→ **Work to complete**
What you return should match the data below exactly, with no pictures in it.

→ **Available data**
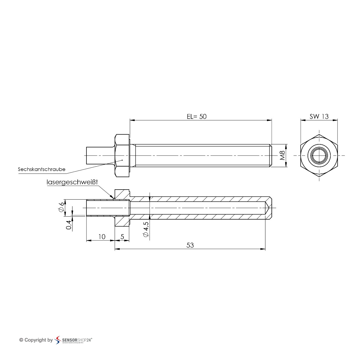 Naši uvrtni temperaturni senzori sa navojem M8x50 sa NiCr-Ni tipa K se koriste za beleženje temperature tečnih i gasovitih medija. Naši senzori koji se uvijaju koriste zaštitnu navlaku od nerđajućeg čelika, koja idealno štiti stvarni temperaturni senzor od uticaja okoline i mehaničkog stresa, nudeći na taj način optimalna svojstva za širok spektar lokacija. Uvrtni senzor se uvrće direktno u posudu ili cevovod medijuma koji se meri. Takođe se može progurati kroz rupu i fiksirati pomoću matice.
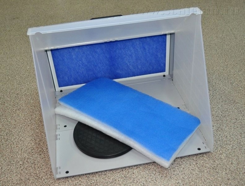 Покраска – один из важнейших и сложных этапов работы над моделью. В большинстве своем для этого используется аэрограф (или баллончики с краской). Наверное, каждый, кто хоть раз что-то красил с помощью аэрографа в комнатных условиях, получил незабываемые впечатления от облаков растворителя и аэрозолей краски вокруг. Это смело можно считать одним из главных вредных факторов нашего увлечения. И фактором очень серьезным. Решение данной проблемы – проведение покрасочных работ в хорошо проветриваемом помещение, использование средств индивидуальной защиты органов дыхания, применение нетоксичной «химии» (например, акриловые краски). Однако, не всегда помещение можно хорошо и быстро проветрить, также не всегда получается использовать акриловые краски в работе.
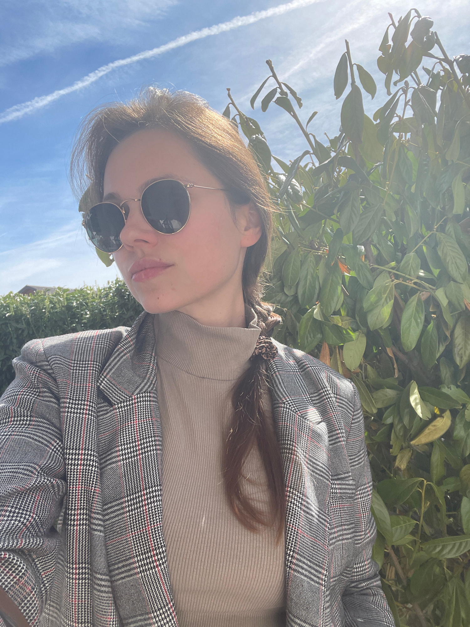 A young woman wearing sunglasses and a plaid blazer stands outside on a sunny day. She is positioned in front of a green leafy bush with the blue sky and contrails visible above. It is not possible to…read more
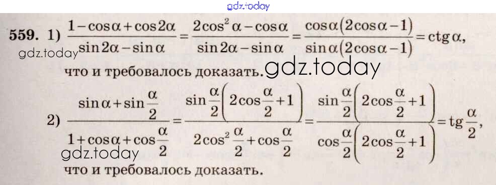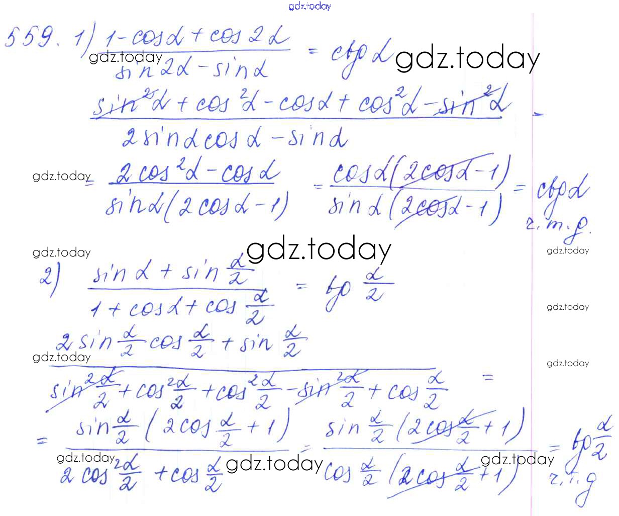 Ответы к Решение к упражнениям 559 Учебнику по Алгебре для 10-11 класса Алимов, Ткачева Базовый и углубленный уровень Просвещение 2015

→ **Exercise answer**
 Naši uvrtni temperaturni senzori sa navojem M8x50 sa NiCr-Ni tipa K se koriste za beleženje temperature tečnih i gasovitih medija. Naši senzori koji se uvijaju koriste zaštitnu navlaku od nerđajućeg čelika, koja idealno štiti stvarni temperaturni senzor od uticaja okoline i mehaničkog stresa, nudeći na taj način optimalna svojstva za širok spektar lokacija. Uvrtni senzor se uvrće direktno u posudu ili cevovod medijuma koji se meri. Takođe se može progurati kroz rupu i fiksirati pomoću matice.
 Покраска – один из важнейших и сложных этапов работы над моделью. В большинстве своем для этого используется аэрограф (или баллончики с краской). Наверное, каждый, кто хоть раз что-то красил с помощью аэрографа в комнатных условиях, получил незабываемые впечатления от облаков растворителя и аэрозолей краски вокруг. Это смело можно считать одним из главных вредных факторов нашего увлечения. И фактором очень серьезным. Решение данной проблемы – проведение покрасочных работ в хорошо проветриваемом помещение, использование средств индивидуальной защиты органов дыхания, применение нетоксичной «химии» (например, акриловые краски). Однако, не всегда помещение можно хорошо и быстро проветрить, также не всегда получается использовать акриловые краски в работе.
 A young woman wearing sunglasses and a plaid blazer stands outside on a sunny day. She is positioned in front of a green leafy bush with the blue sky and contrails visible above. It is not possible to…read more
 Ответы к Решение к упражнениям 559 Учебнику по Алгебре для 10-11 класса Алимов, Ткачева Базовый и углубленный уровень Просвещение 2015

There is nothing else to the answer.